The Zoological Survey of India began tagging the endangered olive stingrays on Tuesday to follow their migration path in the waters off Odisha.

ZSI scientists took six turtles floating in the deep waters of the Bay of Bengal and attached the foil tags before releasing them into the sea.

“Tags were attached to six, including four females and two males. Basic information such as their weight and length was recorded by the researchers, ”said Amlan Nayak, Berhampur divisional forest officer.

Mr Nayak said ZSI would tag 30,000 turtles to know where they came from and where they are going.

Rushikulya Beach is one of the largest mass nesting sites for sea turtles, where 3,230,062 were counted last year.

Currently, turtles are mating in the Bay of Bengal. They used to come to the beach to lay eggs in February.

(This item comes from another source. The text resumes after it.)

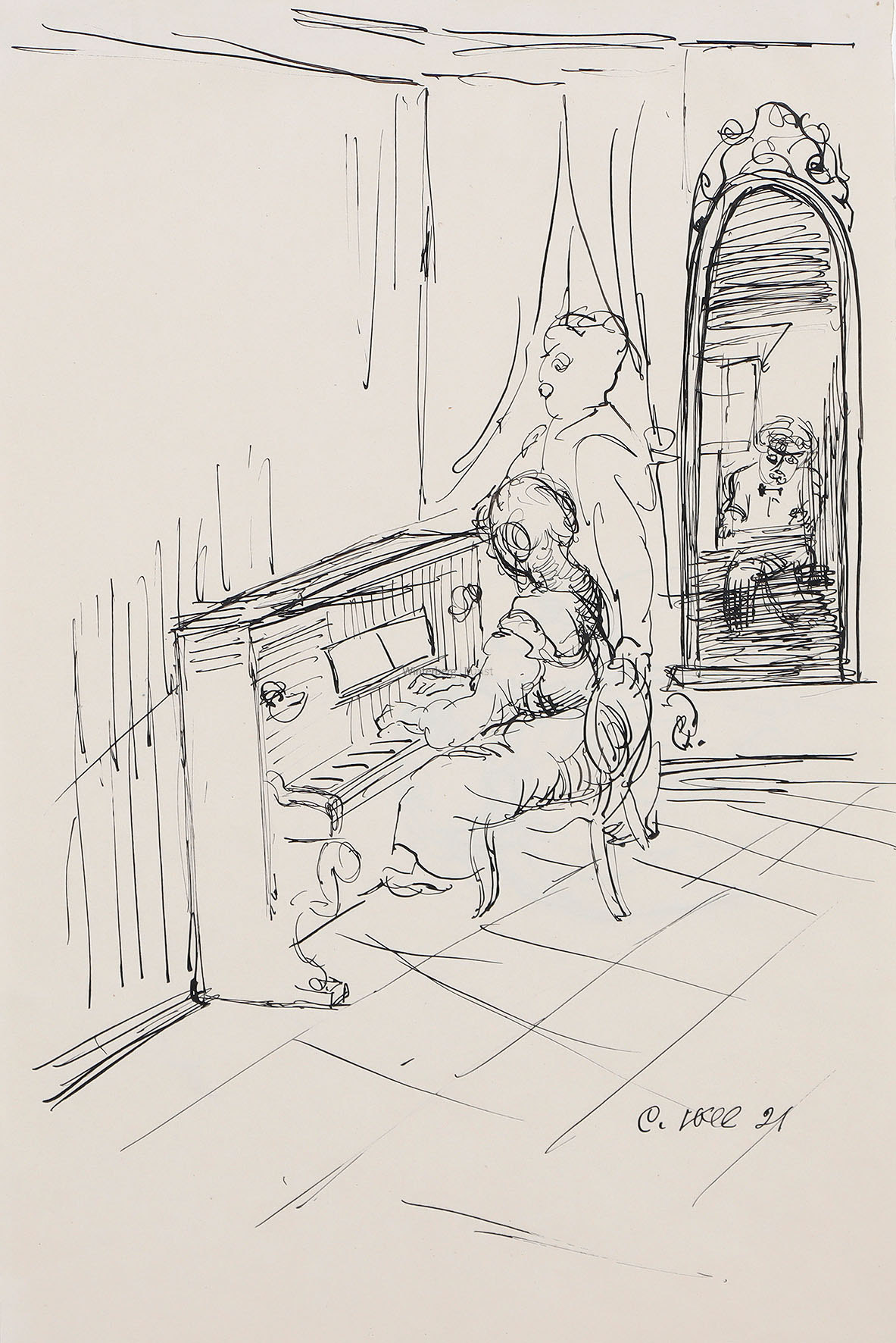 Salon mit einer Klavierspielerin. Tuschfederzeichnung 1921.

Endangered turtle lakhs flock to nest en masse along the Odisha coast, including the Gahirmatha Marine Sanctuary, the mouth of the Rushikulya River, and the mouth of the Devi River every year.

The Wildlife Institute of India (WII) last conducted a similar study in 2007-2010 to find out the migration path. The study was then conducted to know their movement at sea so that the area could be avoided for oil exploration.

According to the WII study, olive stingrays, which by then arrived on Odisha beaches for mass nesting, have been found on the shores of Sri Lanka and even the Andaman Islands.

Recently, the state government asked the WII to conduct a new study to identify the migration path.